Copperas Cove looking at utility rate increases totaling $5 per month
By BRITTANY FHOLER
Cove Leader-Press
The Copperas Cove City Council heard from the city’s Public Works Director and discussed utility rates for water, sewer and solid waste before proposing a $2 increase to the water and sewer base rates along with a previously proposed $1 increase to the solid waste rate during a Special Workshop meeting held Tuesday evening.
Council members tossed around numbers, eventually agreeing that water rates, as well as the sewer rates, should increase from the base rate of $12 to $14 per month and removing an increase to the volumetric rate for the water rates that was originally proposed.
The volumetric rate for sewer actually decreases to $5.75 from $6. The residential solid waste collection fee would increase by $1, from $18 to $19, as originally proposed.
This is a 16.7 percent increase to the base rates for water and sewer and a 5.6 percent increase to the solid waste rate.
The rate increases will add a projected $378,784 in additional revenue to the city’s Water and Sewer Fund.
A resident who currently pays a total bill of $92.49 for 4,000 gallons of water would see their bill increase to $96.57, an increase of $4.08 with the new rates.
During discussions, Interim Budget Director Ariana Beckman plugged in a $2 increase. While some council members questioned if that was sufficient, Mayor Bradi Diaz said she didn’t want to see the rate go up anymore.
“I’m having trouble with this,” Diaz said. “I know we need to meet and need to be proactive, but I don’t want to keep hammering at our citizens.”
Council members Dan Yancey and Marc Payne agreed that these increases were necessary to be proactive and avoid more problems later.
Public Works Director Scott Osburn walked council members through the problems, or “pressures” as he called them, facing the water, sewer and solid waste divisions, during a presentation that led to the above discussions.
“The way I see these enterprise funds are they’re businesses. They’re basically non-profit businesses that need to be treated like businesses,” Osburn said. “As the business grows, obviously expense and revenue should correspond to keep those businesses in the black, so to speak, move forward. The city faces unique challenges in relation to these businesses. This is a perpetual business. Just like the city, the water and sewer need to be maintained indefinitely and obviously a lot of factors go into that. A lot of pressures really drive that business as we’re looking at it on a year to year basis.”
These “pressures” include looking at current needs regarding operators and workers, proactive maintenance needs, emergency procurements and inflation.
“Every year, things go up whether that’s the cost of treated water from WCID, whether that’s materials, whether that’s the labor cost, CPI index averages 2-3 percent a year,” Osburn said. “If we are not keeping pace bare minimum with that inflation, we’re losing ground each year and it’s becoming more and more difficult to perpetually maintain and operate these systems.”
The city is also dealing with growth and development which brings more pressure.
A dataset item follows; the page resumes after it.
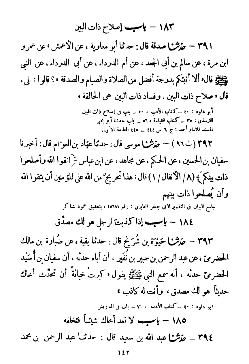 391 - حَدَّثَنَا صَدَقَةُ قَالَ: حَدَّثَنَا أَبُو مُعَاوِيَةَ، عَنِ الْأَعْمَشِ، عَنْ عَمْرِو بْنِ مُرَّةَ، عَنْ سَالِمِ بْنِ أَبِي الْجَعْدِ، عَنْ أُمِّ الدَّرْدَاءِ، عَنْ أَبِي الدَّرْدَاءِ، عَنِ النَّبِيِّ صَلَّى اللهُ عَلَيْهِ وَسَلَّمَ قَالَ: «أَلَا أُنَبِّئُكُمْ بِدَرَجَةٍ أَفْضَلَ مِنَ الصَّلَاةِ وَالصِّيَامِ وَالصَّدَقَةِ؟» قَالُوا: بَلَى، قَالَ: «§صَلَاحُ ذَاتِ الْبَيْنِ، وَفَسَادُ ذَاتِ الْبَيْنِ هِيَ الْحَالِقَةُ» Kصحيح

“We get X number of linear feet of sewer and water each year incident to these developments. We get additional lift stations,” Osburn said. “If we don’t have additional folks and materials to keep up with that maintenance, it becomes unsustainable, quite frankly.”
Osburn also touched on the aging infrastructure, which the city is addressing in its Capital Improvement projects.
“The more maintenance I can do on the front end, the longer I can extend the useful life of those assets to avoid those big projects that quite frankly you need bonds to cover the cost of those,” he said. “If I don’t have the ability to proactively maintain the system, it puts the system in jeopardy. We face the catastrophic failures, the emergency purchases and in this area of the city, we also face potential non-compliance issues with TCEQ which potentially lead to your significant fines, and that’s just wasted money, in my opinion.”
Osburn showed the council what additional percentages added to the proposed rate would look like, with each additional percent raising about $125,000 in revenue, Osburn said.
The additional revenue would help provide more people to maintain the systems as well as help with the concept of employee morale, he added.
“The folks that work in these divisions consistently feel, and in most cases are, always subject to call back and that’s any time of day, any time of night, on holidays, so they’re in this consistent position of feeling like they’re on call 24-7, 365,” Osburn said.